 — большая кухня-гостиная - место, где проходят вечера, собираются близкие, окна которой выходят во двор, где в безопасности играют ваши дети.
---
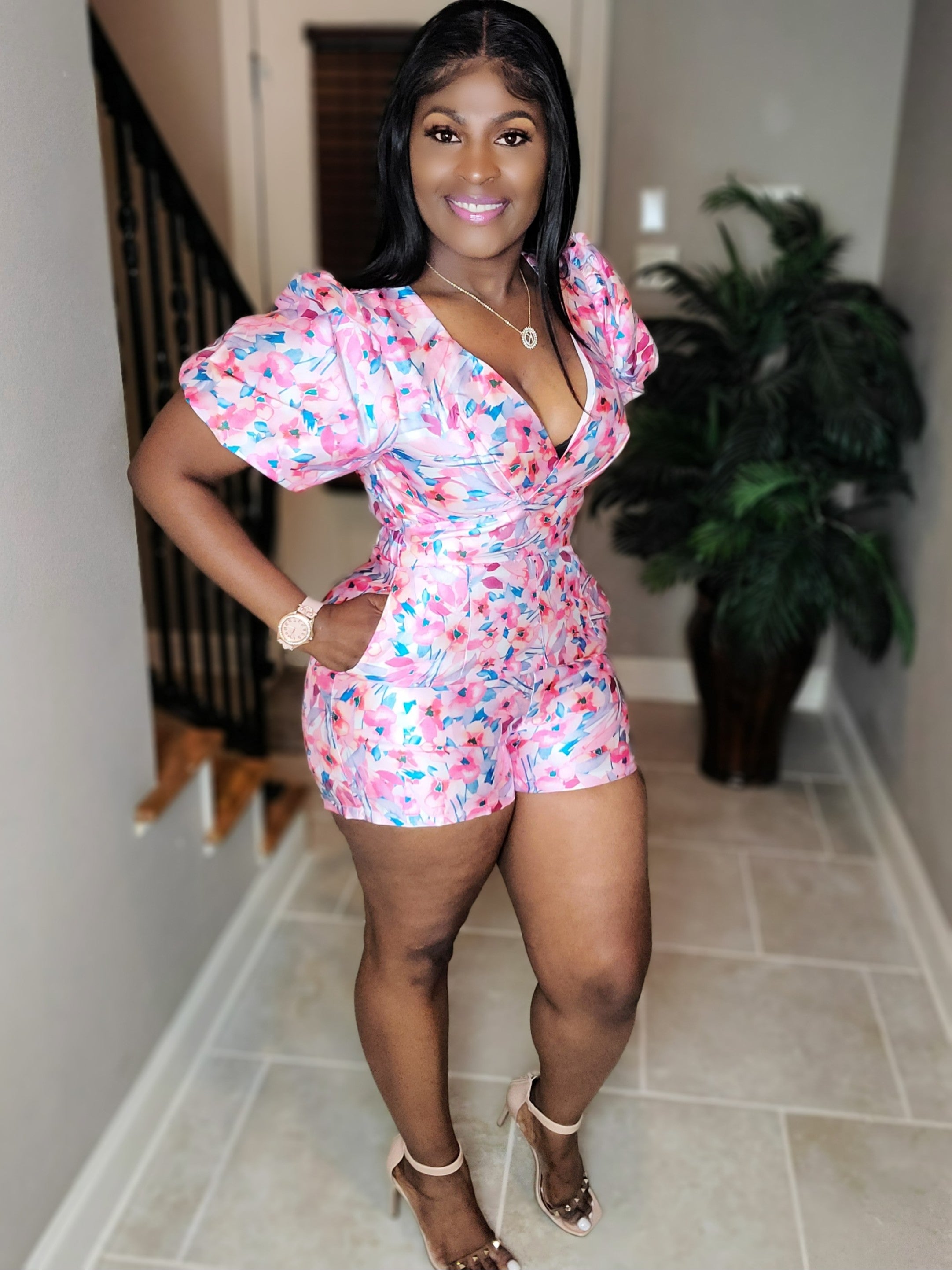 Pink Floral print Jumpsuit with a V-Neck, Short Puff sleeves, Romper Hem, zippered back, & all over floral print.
* * *
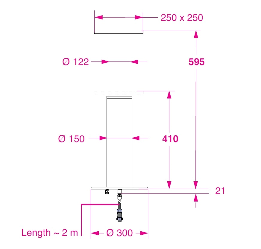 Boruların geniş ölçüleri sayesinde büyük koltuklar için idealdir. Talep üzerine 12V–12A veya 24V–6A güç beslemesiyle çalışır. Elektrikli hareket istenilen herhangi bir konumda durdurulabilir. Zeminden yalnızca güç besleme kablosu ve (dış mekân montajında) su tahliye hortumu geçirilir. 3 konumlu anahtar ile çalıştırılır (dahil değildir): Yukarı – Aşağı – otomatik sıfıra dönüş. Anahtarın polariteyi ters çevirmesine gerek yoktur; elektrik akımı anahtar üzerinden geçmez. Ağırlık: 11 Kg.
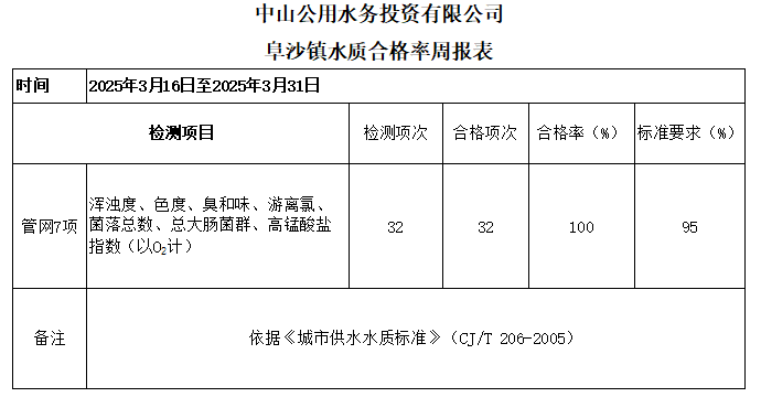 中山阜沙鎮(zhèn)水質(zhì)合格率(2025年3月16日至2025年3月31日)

PROBLEM TO WORK ON: Reproduce the entries exactly, from the line with "Boruların geniş ölçüleri" to the line with "中山阜沙鎮(zhèn)水質(zhì)合格", both lines included, keeping no pictures.

WRITTEN RESPONSE:
 Boruların geniş ölçüleri sayesinde büyük koltuklar için idealdir. Talep üzerine 12V–12A veya 24V–6A güç beslemesiyle çalışır. Elektrikli hareket istenilen herhangi bir konumda durdurulabilir. Zeminden yalnızca güç besleme kablosu ve (dış mekân montajında) su tahliye hortumu geçirilir. 3 konumlu anahtar ile çalıştırılır (dahil değildir): Yukarı – Aşağı – otomatik sıfıra dönüş. Anahtarın polariteyi ters çevirmesine gerek yoktur; elektrik akımı anahtar üzerinden geçmez. Ağırlık: 11 Kg.
 中山阜沙鎮(zhèn)水質(zhì)合格率(2025年3月16日至2025年3月31日)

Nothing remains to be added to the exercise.